カロリング朝初代のフランク国王(在位751~768)。短躯(たんく)王ともよばれた。父カール・マルテルの死(741)後、兄カールマンとともに、それぞれノイストリア、アウストラシアの宮宰として、フランク王国を共同で統治した。743年、メロビング家のヒルデリヒ3世を名目的国王に迎えたが、実権は兄弟で握り、747年、兄の引退後は、全王国の宮宰として実力を振るった。国内有力者の支持と、教皇ザカリウスの承認のもとに、751年ヒルデリヒ3世を廃して王位につき、カロリング朝を開いた。司教ボニファティウスのライン川以東地域へのキリスト教布教を援助し、たびたび教会会議を招集して、教会改革を進めた。二度(754、756)にわたり、イタリアに遠征して、ランゴバルド王アイストゥルフを破り、ラベンナ大守領を奪って、これを教皇に寄進した(教皇領の起源)。また、バイエルン大公タシロ3世を討って、国王への臣従を誓わせ、ナルボンヌイスラム教徒から奪回した。

[平城照介]


ピピン(中)
ぴぴん
Pippin der Mittlere
(?―714)

フランク王国アウストラシアの宮宰。カロリング家の祖。アウストラシアの豪族大ピピンの娘ベッガとメッツの司教アルヌルフの息子アンセギゼルとの間に生まれた。ノイストリアの宮宰エブロインと争い、テルトリーの戦い(687)でこれを破ったのち、ノイストリア、ブルグントの支配権をも掌握して、王国全体の実権を握った。アラマン人を討って、フランクの宗主権を認めさせ、フリーセン人を征服して、西フリーセンをフランク王国に併合した。

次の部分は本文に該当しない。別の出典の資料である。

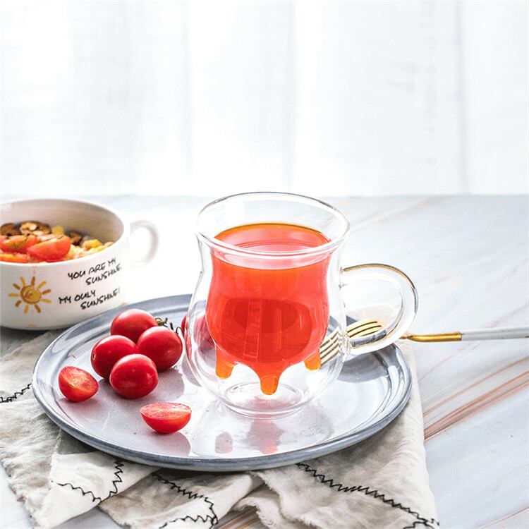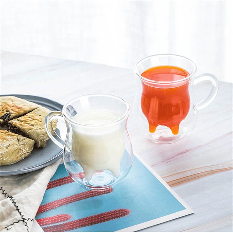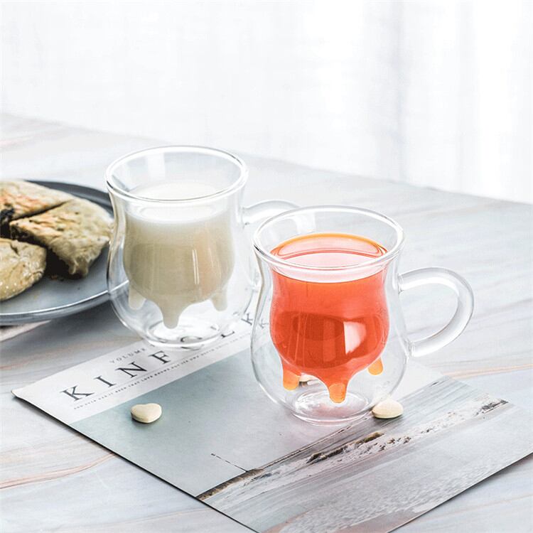 透明な 朝食用ミルクカップ ウォーターカップ ダブルレイヤー クリエイティブ ガラス

またアングロ・サクソン・ミッションに援助を与え、教会改革を意図して、全国の教会会議を招集した。

[平城照介]


ピピン(大)
ぴぴん
Pippin der Ältere
(?―639)

フランク王国アウストラシアの宮宰。アルデンヌ北方に所領をもった豪族の家門の出。クロタール1世死(561)後のフランク王国の内乱に際し、メッツの司教アルヌルフと結び、ブルンヒルトに対抗して、フレデグンデの息子クロタール2世を擁立し、全国統一を実現させた。娘ベッガをアルヌルフの息子アンセギゼルと結婚させ、2人の間に生まれたピピン(中)がのちにカロリング家の祖となった。